During the two-week journey, they visited the orphanage twice, visited with Nastia's sister, and spent time with some Shakespeare students Cahill taught while she lived in Siberia for three months. (Cahill runs the Rebel Shakespeare Company on the North Shore.)

"There is so much poverty," Kim Ayers said. "I knew this stuff because I read about it, but I still wasn't prepared."

'Giving hope to the kids'

Bridget, who can be shy in person, is a talented writer, and she keeps a blog about her experiences, http://www.tomarchtoadifferentdrummer.blogspot.com/.

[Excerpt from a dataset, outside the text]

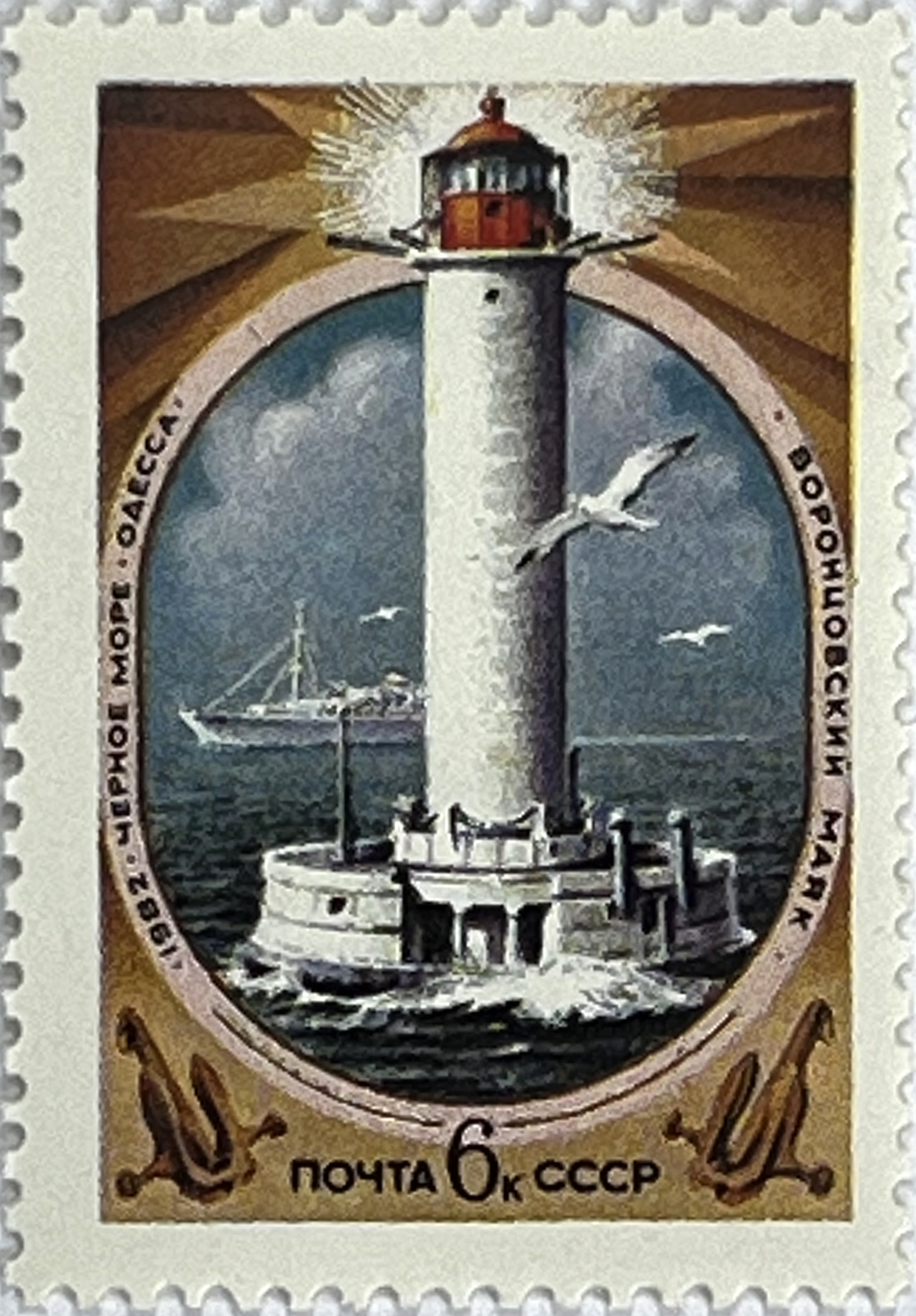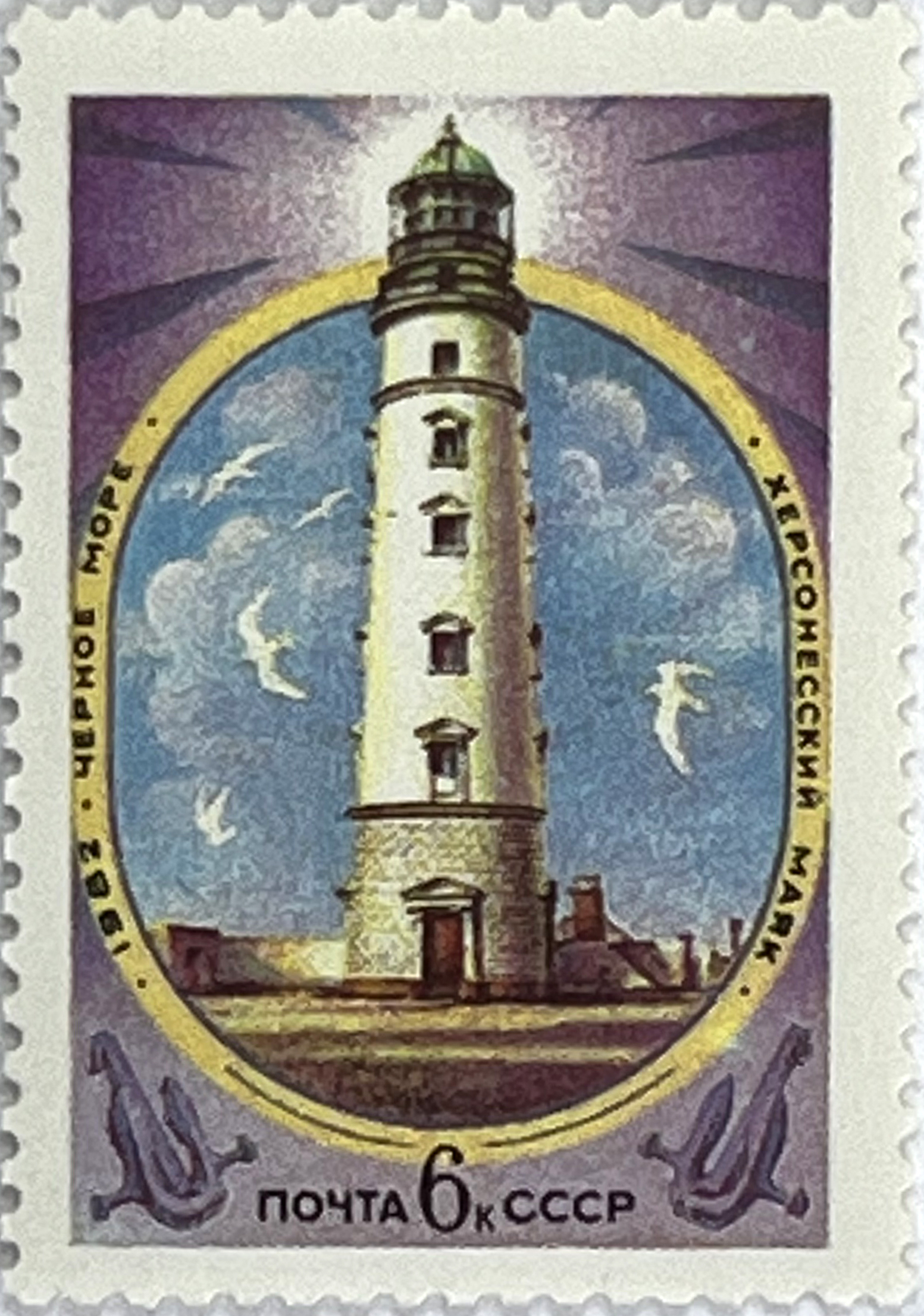 6 k: Novorossiysk Lighthouse (Black Sea) – a distinctive striped tower against a green background.
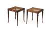 each with square caned seats above a plain frieze with traces of painted florets, raised on ring turned legs with outwardly splayed feet (2)

When she got home, she immediately missed all of the children she met in Siberia and was pained by the disparity between their lives and hers. She posted this entry on her blog on June 14:

"Have you ever heard the saying 'Home is where the heart is'? Its a lie. Siberia is where the heart is. In the filthy coal-mining region of Kemerovo. In the little, unknown town of Prokop'yvsk.

"... Most nights I've been waking up at about 3 or 4 a.m. I can't fall back to sleep. Why? Because when I look to my right, I see a window. Outside of the window is a car, so that I don't walk to school, two miles. When I look to my left, I see a bottle of water from the sink that doesn't have parasites in it. I see a closet full of shoes and clothes that fit. ... "

Back at her seventh-grade social studies classroom in Salem, Bridget's teacher Catherine Rosenzweig invited her to show the whole class a video and present a talk on her experiences.

Bridget says the most important part of her trip was "giving hope to the kids," and she's already plotting a way to get back to Siberia.

"I think about them every second of every day," Bridget said.

"I wish there were more people like her," Cahill said.